Kane boog zich voorover. ‘Dezelfde barst, maar die zie je niet door al die andere beschadigingen.’

‘Dat is precies de reden dat ik het niet meteen heb gezien,’ zei Ian. ‘Deze tweede foto is van Henry Weems, de bewaker. Het is niet honderd procent zeker, maar ik zou zeggen dat het heel waarschijnlijk is dat ze met hetzelfde wapen zijn neergeslagen en door dezelfde persoon.’

‘Had Joel Fischer kruitsporen op zijn handen?’ vroeg Olivia.

‘Nee, dat heb ik gecontroleerd,’ zei Ian. ‘Het kan zijn dat hij ze schoongemaakt heeft, maar ik heb geen sporen gevonden.’

‘Heb je het lichaam van die jongen van Fischer nog hier?’vroeg Kane.

‘Ja, en dat bezorgt me nogal hoofdpijn.
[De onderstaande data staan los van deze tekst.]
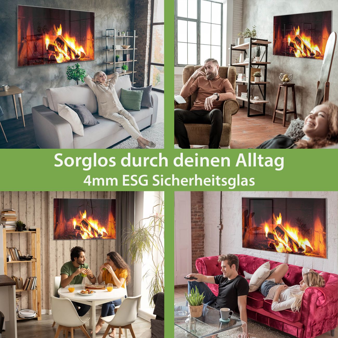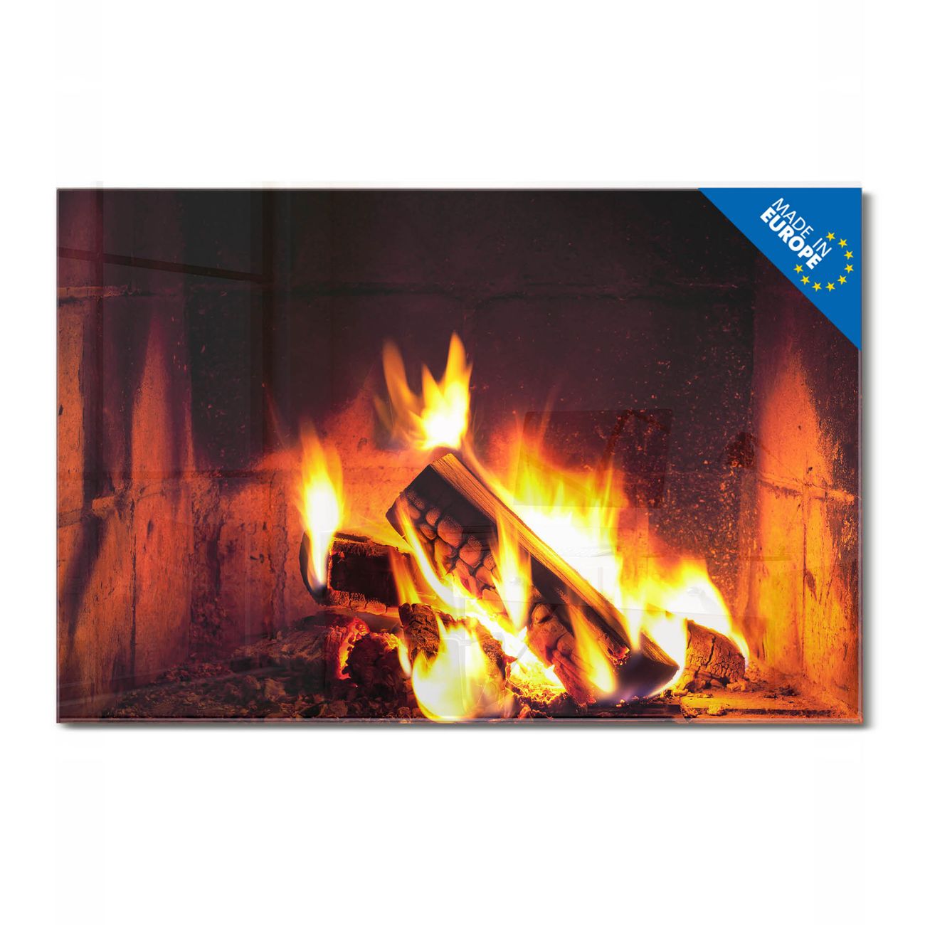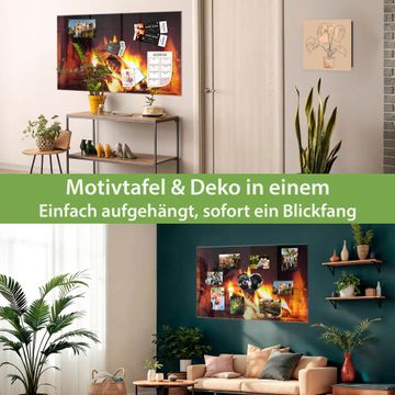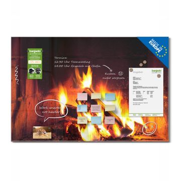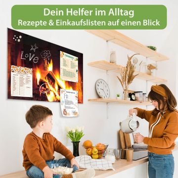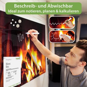 Material: 4mm Sicherheitsglas mit Metallrückwand Eigenschaften: beschreibbar, magnetisch, kratzfest Maße: 120x80x0,6cm, 14,40kg schwer Motiv Nummer 12929 Kaminfeuer Zubehör: inklusive 4 Neodym-Magnete

De Fischers zijn orthodoxe joden en ze wilden zijn uitvaartdienst en de begrafenis vanmiddag laten plaatsvinden. Dat moesten ze afzeggen omdat ik het lichaam niet wilde vrijgeven tot ik de resultaten van zijn bloedanalyse binnen had. Ze zijn heel boos op me.’

‘Ze zullen nog veel bozer worden op ons,’ voorspelde Olivia grimmig. ‘Dit is goed, Ian. Geweldig.’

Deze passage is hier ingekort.